The Panic of 1825 was a stock market crash that started in the Bank of England arising in part out of speculative investments in Latin America, including the imaginary country of Poyais. The crisis was felt most acutely in England where it precipitated the closing of six London banks and sixty country banks in England, but was also manifest in the markets of Europe, Latin America, and the United States. An infusion of gold reserves from the Banque de France saved the Bank of England from complete collapse.
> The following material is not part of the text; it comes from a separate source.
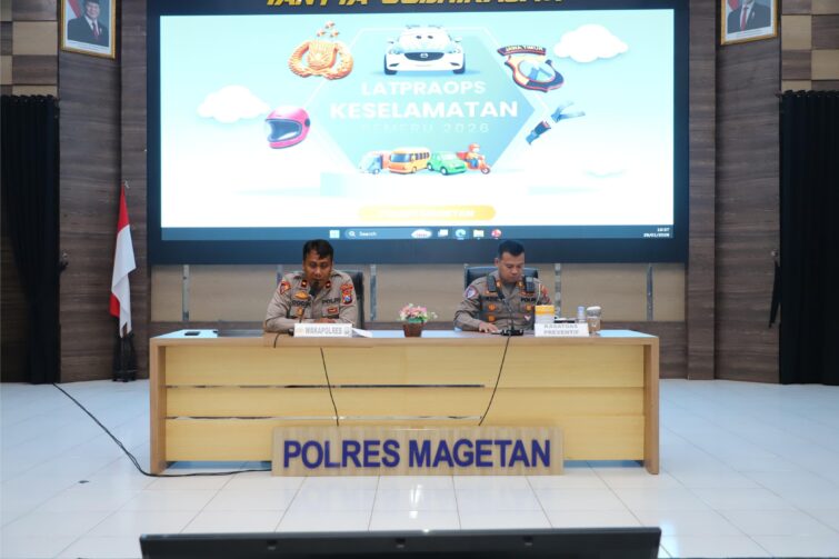 Magetan – Menjelang meningkatnya mobilitas masyarakat pada bulan suci Ramadhan hingga Hari Raya Idul Fitri 1447 H, Polres Magetan tancap gas menyiapkan langkah antisipatif. Salah satunya dengan menggelar Latihan Pra Operasi (Latpraops) Operasi Keselamatan Semeru 2026, yang dilaksanakan pada Kamis (28/1/2026) di Gedung Pesat Gatra Polres Magetan.

The panic has been referred to as the first modern economic crisis not attributable to an external event, such as a war, and thus the start of modern economic cycles. The period of the Napoleonic Wars had been exceptionally profitable for all sectors of the British financial system, and the expansionist monetary actions taken during transition from wartime to peacetime economy initiated a surge of prosperity and speculative ventures. The stock market boom became a bubble and banks caught up in the euphoria made risky loans.
Seventy banks failed. The current view puts much of the fault of the crash on the banks for not collecting quality information, performing inadequate surveillance, and not doing simple due diligence on ventures. The usual list of causes of the crisis are:
**Latin American debt issues
**Ease of issuance of banknotes from country banks led to unscrupulous partners investing in high risk, high return ventures
**Bank of England’s actions of rapidly increasing the money supply, then rapidly tightening it, initiating bank runs and finally refusing to act as lender of last resort until too late.
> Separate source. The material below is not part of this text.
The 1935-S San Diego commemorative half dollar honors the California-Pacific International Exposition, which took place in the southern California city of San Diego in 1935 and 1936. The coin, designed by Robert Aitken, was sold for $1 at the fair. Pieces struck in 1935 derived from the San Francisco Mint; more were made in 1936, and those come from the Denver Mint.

At the time, the Bank of England was not a central bank but a public, for-profit bank with three loyalties: its shareholders, the British government, and its correspondent commercial bankers. The Bank of England raised the lending rate to protect its investors, instead of lowering it to protect the public. The self-interest of the Bank of England thereby caused additional failures. Although banker Henry Thornton described in 1802 the proper lender of last resort actions to be taken by a central bank in such a crisis, it was not until 1866 with the Overend Gurney crisis of 1866 that the Bank of England would take actions to prevent widespread panic withdrawals.
Inaction by the Bank of England led to a systemic stoppage of the banking system, and was followed by widespread bankruptcies, recession and unemployment.
An historical novel by Stanley J. Weyman, Ovington’s Bank, is centered on the Panic of 1825.